====== INFORMATION PROVIDED

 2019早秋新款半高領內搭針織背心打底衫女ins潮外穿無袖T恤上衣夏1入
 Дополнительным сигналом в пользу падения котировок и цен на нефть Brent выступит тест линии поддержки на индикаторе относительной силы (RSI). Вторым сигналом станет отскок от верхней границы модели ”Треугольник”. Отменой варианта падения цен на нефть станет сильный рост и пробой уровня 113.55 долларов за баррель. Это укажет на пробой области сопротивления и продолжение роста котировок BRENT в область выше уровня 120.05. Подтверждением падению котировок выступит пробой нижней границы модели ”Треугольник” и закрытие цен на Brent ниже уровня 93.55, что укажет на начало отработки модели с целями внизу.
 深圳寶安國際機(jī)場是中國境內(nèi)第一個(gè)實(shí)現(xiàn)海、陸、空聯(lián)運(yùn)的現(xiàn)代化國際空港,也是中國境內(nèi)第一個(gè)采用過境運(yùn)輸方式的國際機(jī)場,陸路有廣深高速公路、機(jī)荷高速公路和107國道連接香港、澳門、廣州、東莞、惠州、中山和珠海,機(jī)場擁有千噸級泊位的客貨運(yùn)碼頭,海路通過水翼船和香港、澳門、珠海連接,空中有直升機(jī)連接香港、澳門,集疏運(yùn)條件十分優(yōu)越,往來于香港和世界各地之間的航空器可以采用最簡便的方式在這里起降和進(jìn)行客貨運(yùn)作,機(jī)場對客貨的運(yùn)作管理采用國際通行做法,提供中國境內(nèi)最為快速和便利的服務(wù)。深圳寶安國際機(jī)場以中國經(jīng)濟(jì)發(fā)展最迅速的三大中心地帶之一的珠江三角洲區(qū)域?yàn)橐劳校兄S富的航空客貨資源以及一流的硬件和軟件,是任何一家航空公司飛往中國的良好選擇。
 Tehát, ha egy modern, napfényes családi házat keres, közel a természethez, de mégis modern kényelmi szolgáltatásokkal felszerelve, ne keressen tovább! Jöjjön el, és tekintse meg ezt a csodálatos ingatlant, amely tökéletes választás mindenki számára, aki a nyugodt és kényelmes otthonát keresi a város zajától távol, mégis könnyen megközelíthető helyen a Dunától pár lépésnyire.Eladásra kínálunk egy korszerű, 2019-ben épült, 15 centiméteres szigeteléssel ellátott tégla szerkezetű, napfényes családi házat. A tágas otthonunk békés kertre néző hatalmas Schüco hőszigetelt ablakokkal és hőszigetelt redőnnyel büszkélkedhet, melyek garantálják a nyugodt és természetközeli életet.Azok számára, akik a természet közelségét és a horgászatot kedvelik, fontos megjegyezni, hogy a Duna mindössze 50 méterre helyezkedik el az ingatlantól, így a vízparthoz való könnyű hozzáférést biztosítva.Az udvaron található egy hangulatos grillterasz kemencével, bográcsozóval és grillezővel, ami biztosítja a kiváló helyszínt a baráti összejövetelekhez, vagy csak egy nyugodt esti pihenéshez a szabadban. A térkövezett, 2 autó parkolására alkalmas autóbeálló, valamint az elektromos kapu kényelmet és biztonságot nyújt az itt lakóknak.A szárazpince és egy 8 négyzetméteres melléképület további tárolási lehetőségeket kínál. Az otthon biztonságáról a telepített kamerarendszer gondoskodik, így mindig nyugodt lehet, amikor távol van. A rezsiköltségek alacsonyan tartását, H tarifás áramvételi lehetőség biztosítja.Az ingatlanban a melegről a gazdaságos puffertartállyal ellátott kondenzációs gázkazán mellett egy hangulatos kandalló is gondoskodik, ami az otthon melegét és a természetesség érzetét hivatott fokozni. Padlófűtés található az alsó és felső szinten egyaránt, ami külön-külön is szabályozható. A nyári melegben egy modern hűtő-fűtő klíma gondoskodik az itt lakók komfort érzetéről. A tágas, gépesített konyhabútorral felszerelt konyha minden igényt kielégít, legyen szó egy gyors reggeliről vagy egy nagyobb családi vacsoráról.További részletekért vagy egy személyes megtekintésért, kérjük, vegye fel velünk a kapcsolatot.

============

* PROMPT: Lines after the one containing "深圳寶安國際機(jī)場是中" are not wanted; repeat exactly each line above from the first up to and including it.

* EXERCISE RESPONSE:
 2019早秋新款半高領內搭針織背心打底衫女ins潮外穿無袖T恤上衣夏1入
 Дополнительным сигналом в пользу падения котировок и цен на нефть Brent выступит тест линии поддержки на индикаторе относительной силы (RSI). Вторым сигналом станет отскок от верхней границы модели ”Треугольник”. Отменой варианта падения цен на нефть станет сильный рост и пробой уровня 113.55 долларов за баррель. Это укажет на пробой области сопротивления и продолжение роста котировок BRENT в область выше уровня 120.05. Подтверждением падению котировок выступит пробой нижней границы модели ”Треугольник” и закрытие цен на Brent ниже уровня 93.55, что укажет на начало отработки модели с целями внизу.
 深圳寶安國際機(jī)場是中國境內(nèi)第一個(gè)實(shí)現(xiàn)海、陸、空聯(lián)運(yùn)的現(xiàn)代化國際空港,也是中國境內(nèi)第一個(gè)采用過境運(yùn)輸方式的國際機(jī)場,陸路有廣深高速公路、機(jī)荷高速公路和107國道連接香港、澳門、廣州、東莞、惠州、中山和珠海,機(jī)場擁有千噸級泊位的客貨運(yùn)碼頭,海路通過水翼船和香港、澳門、珠海連接,空中有直升機(jī)連接香港、澳門,集疏運(yùn)條件十分優(yōu)越,往來于香港和世界各地之間的航空器可以采用最簡便的方式在這里起降和進(jìn)行客貨運(yùn)作,機(jī)場對客貨的運(yùn)作管理采用國際通行做法,提供中國境內(nèi)最為快速和便利的服務(wù)。深圳寶安國際機(jī)場以中國經(jīng)濟(jì)發(fā)展最迅速的三大中心地帶之一的珠江三角洲區(qū)域?yàn)橐劳校兄S富的航空客貨資源以及一流的硬件和軟件,是任何一家航空公司飛往中國的良好選擇。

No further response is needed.